PASSED: Continuous integration, rev:1181
http://jenkins.qa.ubuntu.com/job/cu2d-choo-choo-ci/856/
Executed test runs:

Click here to trigger a rebuild:
http://s-jenkins.ubuntu-ci:8080/job/cu2d-choo-choo-ci/856/rebuild

review: Approve (continuous-integration)
Revision history for this message
Barry Warsaw (barry) wrote :

High level comment: while it's not unreasonable to use the low-level flock
interface to do simple locking, you might want to consider using one of
several library alternatives. Locking can be tricky and there may be corner
cases lurking, and the libraries have generally been more thoroughly tested.
Totally up to you of course, so I'm just putting this out there.

The two I like are flufl.lock and lockfile, both of which have Python 2 and 3
versions in the archive.
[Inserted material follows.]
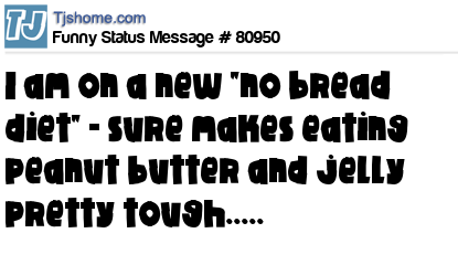 X is I am on a new "no bread diet" - sure makes eating peanut butter and jelly pretty tough.....

Obviously I wrote flufl.lock and it's the only one
that I'm aware of that is safe across NFS mounts

http://pythonhosted.org/flufl.lock/
http://pythonhosted.org/lockfile/

(We should be up-to-date with flufl.lock, but I think lockfile is a minor rev
behind upstream - I'll ping the maintainer.)
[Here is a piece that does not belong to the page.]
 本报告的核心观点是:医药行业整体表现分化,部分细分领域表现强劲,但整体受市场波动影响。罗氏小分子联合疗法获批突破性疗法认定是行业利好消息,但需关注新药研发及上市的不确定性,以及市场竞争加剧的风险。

Take a look at the semantics of the two packages; they differ so one might be
more appropriate to your use case than the other.

Aside from that...

On Oct 27, 2015, at 10:42 PM, Robert Bruce Park wrote:

>=== modified file 'cupstream2distro/silomanager.py'
>--- cupstream2distro/silomanager.py 2015-10-22 18:10:30 +0000
>+++ cupstream2distro/silomanager.py 2015-10-27 22:41:56 +0000
>@@ -22,6 +22,7 @@
> import re
> import os
> import json
>+import fcntl
> import logging
> import requests
> import signal
>@@ -47,7 +48,6 @@
> STABLE_OVERLAY_PPA,
> )
> from cupstream2distro.utils import (
>- atomic_write,
> env,
> memoize,
> log_value_of,
>@@ -197,8 +197,7 @@
> if self.strict:
> signal.signal(signal.SIGTERM, self.cleanup_on_kill)
> sys.excepthook = self.cleanup_on_exception
>- with atomic_write(self.lockfile, 'w') as lock:
>- lock.write(str(os.getpid()))
>+ self.enforce_lock()

The trickiest part of locks IMHO is ensuring you don't get deadlocked in the
face of exceptions and errors. The context manager syntax (i.e. the `with`
statement) pretty much guarantees that the locked resource will be freed if
anything goes wrong. Of course, the process could still be kill -9'd, etc,
but that's why for example flufl.lock has a timeout feature. Eventually, all
locks will auto-expire.

How confident are you that there aren't corner cases which would deadlock the
silo?

Revision history for this message
Robert Bruce Park (robru) wrote :

On Oct 28, 2015 8:36 AM, "Barry Warsaw" <email address hidden> wrote:
> How confident are you that there aren't corner cases which would deadlock
the
> silo?

Very confident, because this isn't long running code. Any error or
exception will cause the process to exit, which as far as i can tell,
guarantees the file handle be closed and the lock released.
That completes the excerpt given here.